= Beginning of Section =
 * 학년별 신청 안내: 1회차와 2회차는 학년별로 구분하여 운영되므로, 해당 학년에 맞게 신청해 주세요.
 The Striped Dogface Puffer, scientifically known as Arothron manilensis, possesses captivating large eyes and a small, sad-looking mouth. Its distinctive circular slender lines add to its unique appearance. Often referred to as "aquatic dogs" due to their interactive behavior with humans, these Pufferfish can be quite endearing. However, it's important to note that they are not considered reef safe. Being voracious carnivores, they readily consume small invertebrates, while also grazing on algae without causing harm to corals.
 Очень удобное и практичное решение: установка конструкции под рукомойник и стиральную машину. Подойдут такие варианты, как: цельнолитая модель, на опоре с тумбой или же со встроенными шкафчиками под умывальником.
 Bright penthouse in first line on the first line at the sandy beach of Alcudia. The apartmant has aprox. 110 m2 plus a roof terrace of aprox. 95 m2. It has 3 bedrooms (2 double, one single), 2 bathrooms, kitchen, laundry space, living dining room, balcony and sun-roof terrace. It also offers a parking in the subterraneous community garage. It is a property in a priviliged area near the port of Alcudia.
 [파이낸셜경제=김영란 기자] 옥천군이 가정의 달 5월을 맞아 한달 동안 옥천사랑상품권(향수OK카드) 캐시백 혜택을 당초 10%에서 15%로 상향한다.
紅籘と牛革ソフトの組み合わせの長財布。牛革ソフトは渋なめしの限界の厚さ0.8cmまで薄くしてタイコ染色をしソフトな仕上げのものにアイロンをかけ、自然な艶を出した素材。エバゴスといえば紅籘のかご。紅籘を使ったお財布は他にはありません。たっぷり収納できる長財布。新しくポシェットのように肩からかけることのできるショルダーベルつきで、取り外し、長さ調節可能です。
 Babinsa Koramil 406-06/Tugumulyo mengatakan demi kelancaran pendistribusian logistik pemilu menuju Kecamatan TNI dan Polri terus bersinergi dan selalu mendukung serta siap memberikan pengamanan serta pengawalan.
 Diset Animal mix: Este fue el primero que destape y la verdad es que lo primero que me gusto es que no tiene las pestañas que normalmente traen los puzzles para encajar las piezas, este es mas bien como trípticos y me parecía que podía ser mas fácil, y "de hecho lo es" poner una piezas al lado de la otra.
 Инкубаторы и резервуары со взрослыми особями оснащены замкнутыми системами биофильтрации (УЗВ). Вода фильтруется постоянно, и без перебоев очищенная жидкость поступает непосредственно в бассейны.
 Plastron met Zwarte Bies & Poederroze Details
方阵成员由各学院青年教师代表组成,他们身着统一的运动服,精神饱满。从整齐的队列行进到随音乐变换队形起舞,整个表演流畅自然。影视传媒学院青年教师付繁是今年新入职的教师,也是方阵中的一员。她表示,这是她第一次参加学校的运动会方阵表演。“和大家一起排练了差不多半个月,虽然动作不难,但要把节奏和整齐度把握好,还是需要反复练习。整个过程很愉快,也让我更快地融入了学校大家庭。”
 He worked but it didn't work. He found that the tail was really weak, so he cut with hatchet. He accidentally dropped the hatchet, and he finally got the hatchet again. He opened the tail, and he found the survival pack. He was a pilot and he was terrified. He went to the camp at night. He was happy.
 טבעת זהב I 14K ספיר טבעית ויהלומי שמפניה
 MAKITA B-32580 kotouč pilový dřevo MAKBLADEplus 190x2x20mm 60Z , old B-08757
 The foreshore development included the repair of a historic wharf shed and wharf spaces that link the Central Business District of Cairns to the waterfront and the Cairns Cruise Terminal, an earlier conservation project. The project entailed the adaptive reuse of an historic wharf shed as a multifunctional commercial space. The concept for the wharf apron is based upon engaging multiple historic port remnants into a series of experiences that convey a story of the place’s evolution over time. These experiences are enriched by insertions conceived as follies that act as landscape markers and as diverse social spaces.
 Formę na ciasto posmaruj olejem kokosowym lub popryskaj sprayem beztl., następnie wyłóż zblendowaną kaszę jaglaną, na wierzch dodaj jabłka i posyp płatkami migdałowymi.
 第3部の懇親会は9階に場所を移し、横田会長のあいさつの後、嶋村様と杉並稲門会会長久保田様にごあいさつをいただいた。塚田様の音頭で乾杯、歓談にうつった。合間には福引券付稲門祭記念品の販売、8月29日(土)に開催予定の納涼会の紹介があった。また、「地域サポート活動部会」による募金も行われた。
= End of Section =
When you answer, output all of the material exactly as it appears above.

_Output of the exercise_
 * 학년별 신청 안내: 1회차와 2회차는 학년별로 구분하여 운영되므로, 해당 학년에 맞게 신청해 주세요.
 The Striped Dogface Puffer, scientifically known as Arothron manilensis, possesses captivating large eyes and a small, sad-looking mouth. Its distinctive circular slender lines add to its unique appearance. Often referred to as "aquatic dogs" due to their interactive behavior with humans, these Pufferfish can be quite endearing. However, it's important to note that they are not considered reef safe. Being voracious carnivores, they readily consume small invertebrates, while also grazing on algae without causing harm to corals.
 Очень удобное и практичное решение: установка конструкции под рукомойник и стиральную машину. Подойдут такие варианты, как: цельнолитая модель, на опоре с тумбой или же со встроенными шкафчиками под умывальником.
 Bright penthouse in first line on the first line at the sandy beach of Alcudia. The apartmant has aprox. 110 m2 plus a roof terrace of aprox. 95 m2. It has 3 bedrooms (2 double, one single), 2 bathrooms, kitchen, laundry space, living dining room, balcony and sun-roof terrace. It also offers a parking in the subterraneous community garage. It is a property in a priviliged area near the port of Alcudia.
 [파이낸셜경제=김영란 기자] 옥천군이 가정의 달 5월을 맞아 한달 동안 옥천사랑상품권(향수OK카드) 캐시백 혜택을 당초 10%에서 15%로 상향한다.
紅籘と牛革ソフトの組み合わせの長財布。牛革ソフトは渋なめしの限界の厚さ0.8cmまで薄くしてタイコ染色をしソフトな仕上げのものにアイロンをかけ、自然な艶を出した素材。エバゴスといえば紅籘のかご。紅籘を使ったお財布は他にはありません。たっぷり収納できる長財布。新しくポシェットのように肩からかけることのできるショルダーベルつきで、取り外し、長さ調節可能です。
 Babinsa Koramil 406-06/Tugumulyo mengatakan demi kelancaran pendistribusian logistik pemilu menuju Kecamatan TNI dan Polri terus bersinergi dan selalu mendukung serta siap memberikan pengamanan serta pengawalan.
 Diset Animal mix: Este fue el primero que destape y la verdad es que lo primero que me gusto es que no tiene las pestañas que normalmente traen los puzzles para encajar las piezas, este es mas bien como trípticos y me parecía que podía ser mas fácil, y "de hecho lo es" poner una piezas al lado de la otra.
 Инкубаторы и резервуары со взрослыми особями оснащены замкнутыми системами биофильтрации (УЗВ). Вода фильтруется постоянно, и без перебоев очищенная жидкость поступает непосредственно в бассейны.
 Plastron met Zwarte Bies & Poederroze Details
方阵成员由各学院青年教师代表组成,他们身着统一的运动服,精神饱满。从整齐的队列行进到随音乐变换队形起舞,整个表演流畅自然。影视传媒学院青年教师付繁是今年新入职的教师,也是方阵中的一员。她表示,这是她第一次参加学校的运动会方阵表演。“和大家一起排练了差不多半个月,虽然动作不难,但要把节奏和整齐度把握好,还是需要反复练习。整个过程很愉快,也让我更快地融入了学校大家庭。”
 He worked but it didn't work. He found that the tail was really weak, so he cut with hatchet. He accidentally dropped the hatchet, and he finally got the hatchet again. He opened the tail, and he found the survival pack. He was a pilot and he was terrified. He went to the camp at night. He was happy.
 טבעת זהב I 14K ספיר טבעית ויהלומי שמפניה
 MAKITA B-32580 kotouč pilový dřevo MAKBLADEplus 190x2x20mm 60Z , old B-08757
 The foreshore development included the repair of a historic wharf shed and wharf spaces that link the Central Business District of Cairns to the waterfront and the Cairns Cruise Terminal, an earlier conservation project. The project entailed the adaptive reuse of an historic wharf shed as a multifunctional commercial space. The concept for the wharf apron is based upon engaging multiple historic port remnants into a series of experiences that convey a story of the place’s evolution over time. These experiences are enriched by insertions conceived as follies that act as landscape markers and as diverse social spaces.
 Formę na ciasto posmaruj olejem kokosowym lub popryskaj sprayem beztl., następnie wyłóż zblendowaną kaszę jaglaną, na wierzch dodaj jabłka i posyp płatkami migdałowymi.
 第3部の懇親会は9階に場所を移し、横田会長のあいさつの後、嶋村様と杉並稲門会会長久保田様にごあいさつをいただいた。塚田様の音頭で乾杯、歓談にうつった。合間には福引券付稲門祭記念品の販売、8月29日(土)に開催予定の納涼会の紹介があった。また、「地域サポート活動部会」による募金も行われた。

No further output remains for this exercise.